YES Bank slumps after bad loans rise
Shares of YES Bank slumped 7.4 per cent after investors took fright at revised bad loan figures which were four times higher than those previously reported by the Mumbai-based lender.
Earlier this week, the Reserve Bank of India (RBI) had fined YES Bank, controlled by billionaire Rana Kapoor, for under-reporting its bad loans in audited results for the year to March 31. The bank also underestimated its soured loans in the preceding two fiscal years, according to previous filings.
“The level of divergence between asset-quality figures that the bank has been reporting for the last three years and what the regulator found in its assessments has been scary,” said Diksha Gera, a Bloomberg Intelligence analyst in Singapore.

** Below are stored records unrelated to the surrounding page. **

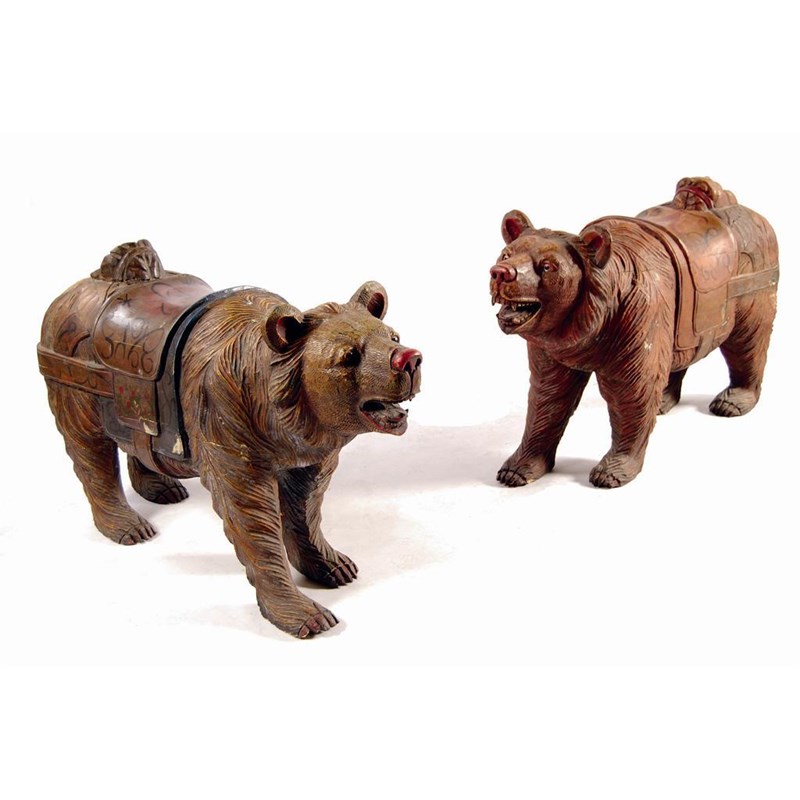 A pair of Black Forest style carved wood and polychrome decorated bears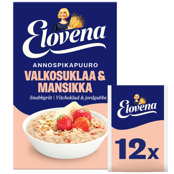 Elovena pikapuurossa yhdistyvät herkullinen valkosuklaan ja mansikan maku sekä kaurapuuron parhaimmat puolet. Runsaskuituisella herkkupuurolla taltutat makeannälän terveellisesti. Annospussista oma lempipuuro valmistuu kätevästi suoraan lautaselle, tarvitaan vain kiehuvaa vettä. Pakkauskoot 6 x 35 g ja 12 x 35 g. Tuote on valmistettu Suomessa suomalaisesta kaurasta. Tuotteelle myönnetty Sydänmerkki kertoo, että tuote on terveellisempi valinta omassa tuoteryhmässään.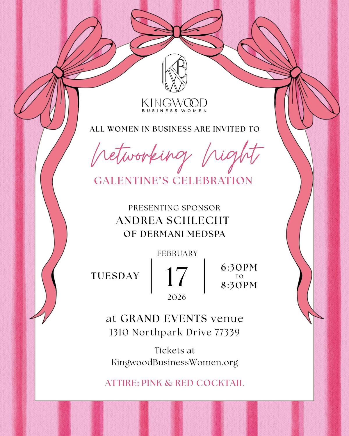 You're invited to join us for the Kingwood Business Women's Galentine's event! An evening filled with quality networking with industry-leading professionals and business-owning women!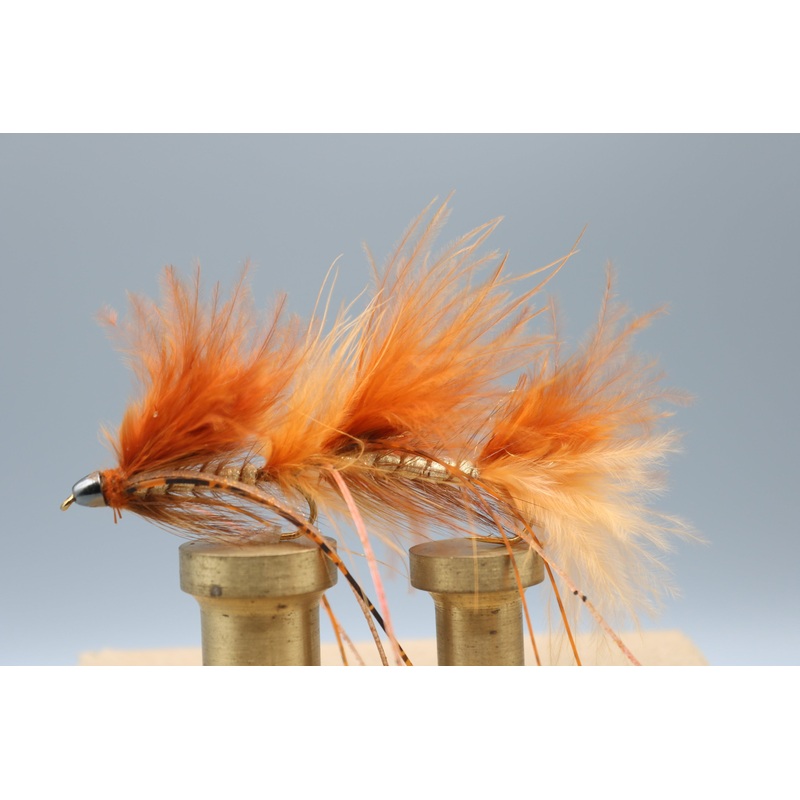 Hot Head Squirrel Leech|Natural/Orange Bead|Black/Chartreuse Bead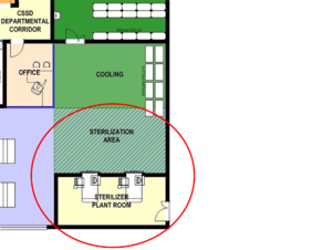Plant and equipment in service areas would need access from outside the CSSD, in order not to compromise the desired level of cleanliness in the unit. In some situations direct access between the plant area and the steriliser is required in order to allow access for maintenance staff to the equipment controls in the CSSD area side. | Plant and equipment in service areas would need access from outside the CSSD, in order not to compromise the desired level of cleanliness in the unit. In some situations direct access between the plant area and the steriliser is required in order to allow access for maintenance staff to the equipment controls in the CSSD area side.[[File:Departmental relationships.png|thumb|none|Figure 1: Departmental relationships (IUSS:GNS Adult Inpatient Services)|361x361px]] | ||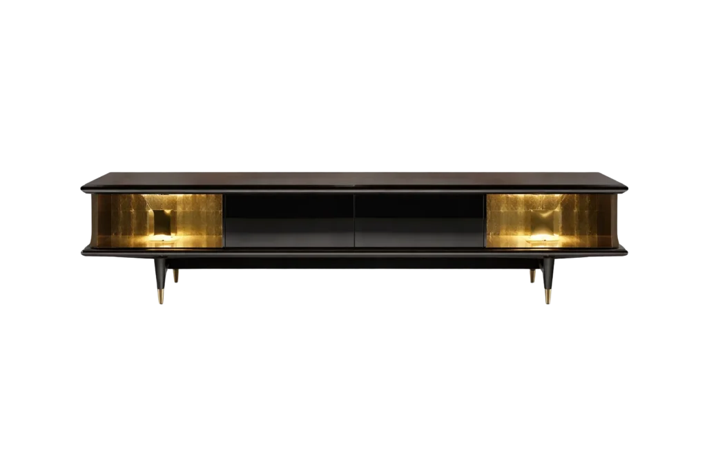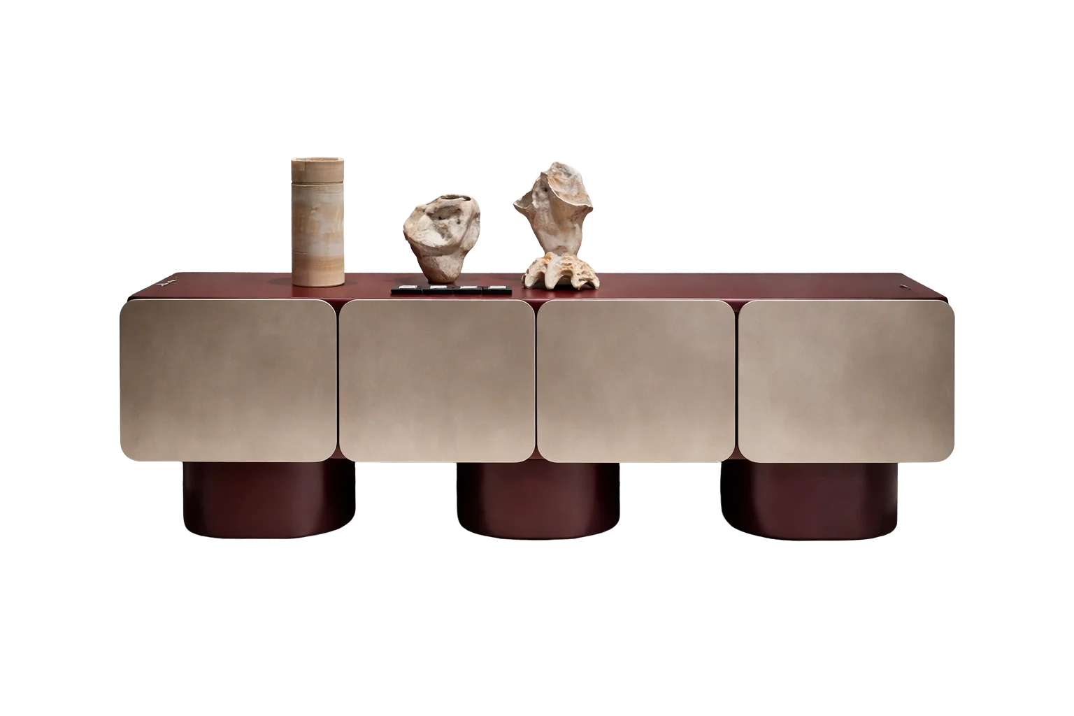 A stylish TV unit featuring a smooth matte metal-clad front with softly rounded panels, contrasted by a rich wood top & round wooden supports. Size: 7′ x 18″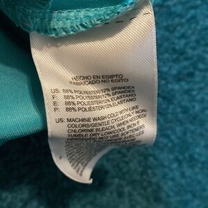Reebok Zip up lightweight jacket. The color is more like in the second picture, a light teal type color. There is a small black mark at bottom of right sleeve, but is not noticeable when on. Front pockets. Size small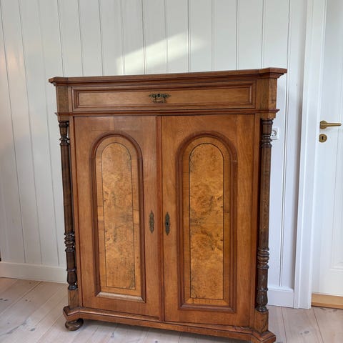 Gammelt antik skab fra C.B. Hansens Etablissement, kgl. hof-møbelfabrik. Skabet, som er meget tungt, har 2 dele (skænk og top)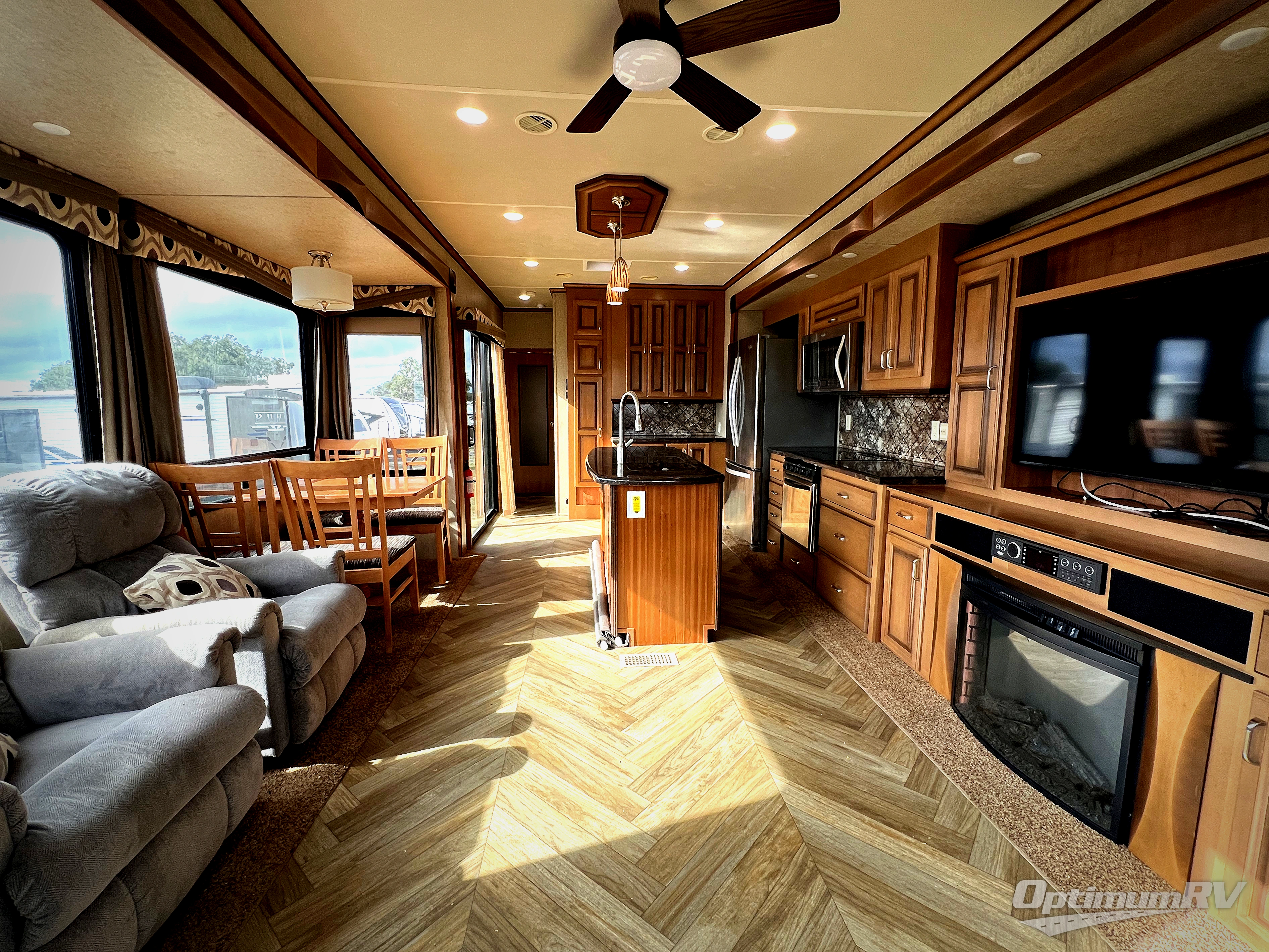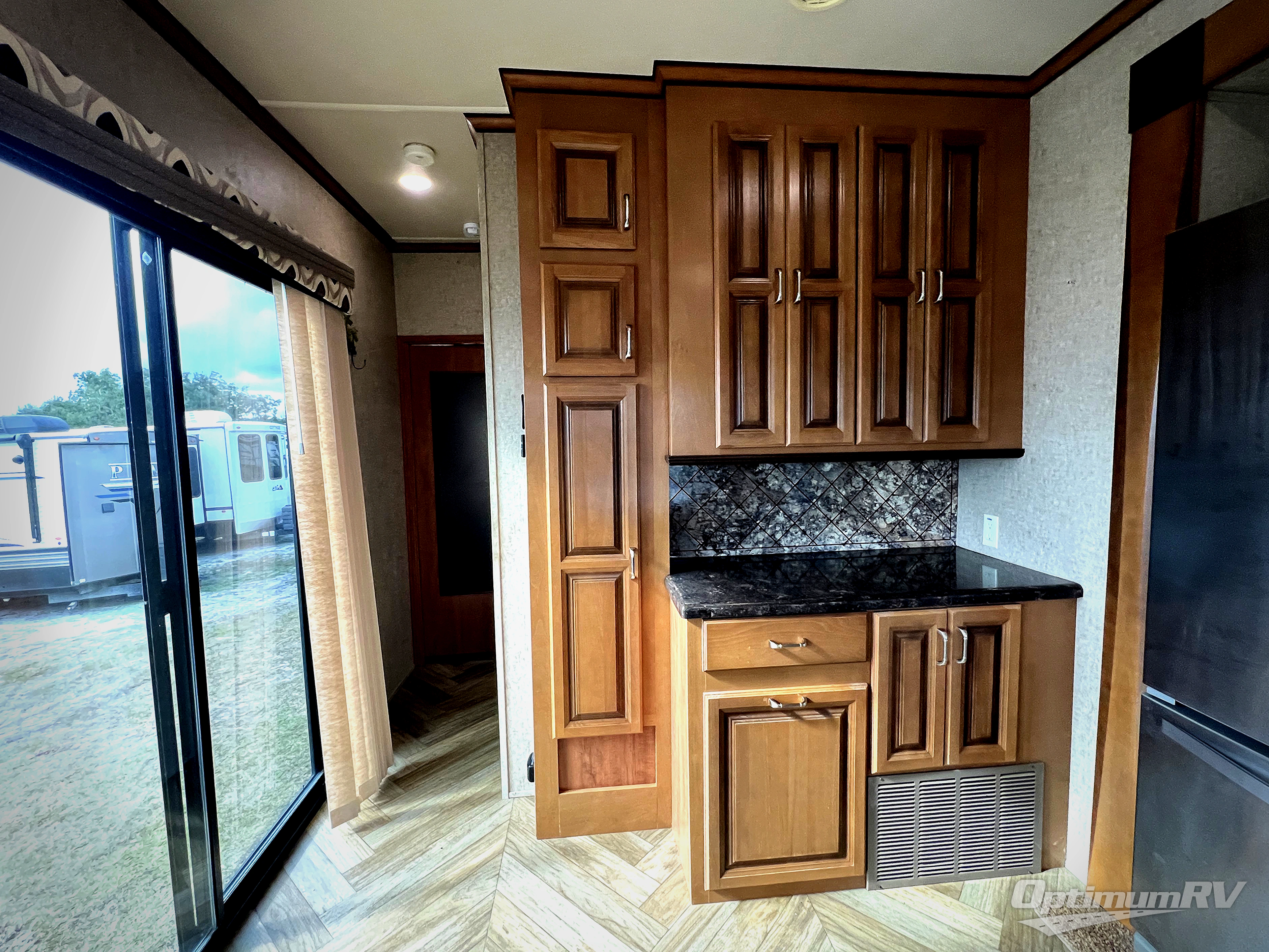 Inside the front main entrance you will find to the right a kitchen and living area. This space offers dual opposing slides which provides a wide open feel space. The first slide has a free-standing table and chairs along with two additional lounge chairs. In the front of the trailer, there is a sofa with end tables. The second slide offers a refrigerator, pantry, three burner range, microwave, and pantry with dressers below. You will also find an entertainment center with a fireplace below in this same slide out. Adjacent to the refrigerator there is extra counter space as well as an overhead cabinet. Meal prep is a bit easier with the center island. You will also find that the double kitchen sink is located in the island. To help with clean-up you can opt for a dishwasher.

Gross non-performing assets (NPAs) were Rs 8,370 crore in the year to March 31, compared with the bank’s previously reported figure of Rs 2,020 crore.
YES Bank does not expect any further divergence between its reported bad loan ratios and the central bank’s assessment, Kapoor had said. Net income rose 25 per cent to Rs 1,000 crore in the September quarter, according to an exchange filing.
Bank of America Merrill Lynch cut its earnings estimates by five per cent and price target to Rs 475, from Rs 500 previously.
“We run a stress scenario assuming doubling of new NPLs (slippages) from here on and credit costs rising to 1.1 per cent. With this, we still believe the bank, with its superior operating performance delivery, can absorb such a scenario, if it plays out and yet deliver about 25 per cent net profit growth in FY18/19. Such a scenario should still bring in 18-19 per cent return on equity in FY18/19 (versus 20 per cent estimated earlier),” said the brokerage in a note.